When the DSM-IV was developed, it appeared that abuse and dependence were two distinct disorders. Substance abuse was defined according to four criteria; dependence, according to seven criteria. In practice, “abuse” was often used to denote a milder form of Substance Use Disorder (SUD); “dependence,” a more severe SUD.

In the case of opioids, “dependence” was confusing because almost anyone on opioid-based painkillers for any length of time develops physiological dependence (they will have withdrawal if they stop suddenly), whereas in the DSM-IV, “dependence” meant “addiction” (pathological, compulsive, harmful use). So pain patients prescribed opioids were mislabeled as opioid “dependent” even though they took their medication as prescribed.

Since then, a considerable body of research has shown that there are not two distinct types of substance misuse, but only one. More important, most DSM-IV “abuse” symptoms develop only in people with severe addiction, while “dependence” symptoms are among the earliest to develop. In the DSM-5, “abuse” and “dependence” are gone. In their place is the single “Substance Use Disorder.”

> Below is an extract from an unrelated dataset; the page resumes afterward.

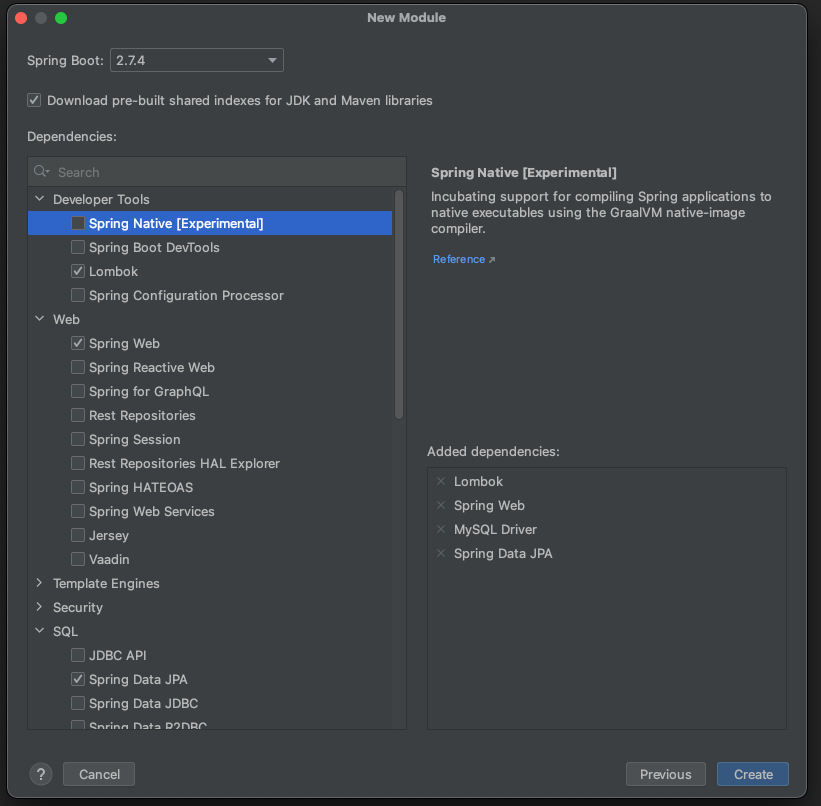 Lombok, Spring Web, MySQL Driver, Spring Data JPA를 선택해준다.

With alcohol, for example, the earliest and most common problems are “internal” problems, such as going over limits, persistent desire to quit or cut down, and use despite hangover or nausea. The only “abuse” criterion that develops early is drinking and driving, but without a DUI. In the largest study of its kind, the NIAAA Epidemiological Study of Alcohol and Related Conditions (NESARC), 90 percent of people who met criteria for DSM-IV alcohol abuse—but not dependence—did so because of admitting drinking and driving. All other abuse criteria only occurred in people with the most severe and chronic addiction, and then late in the game.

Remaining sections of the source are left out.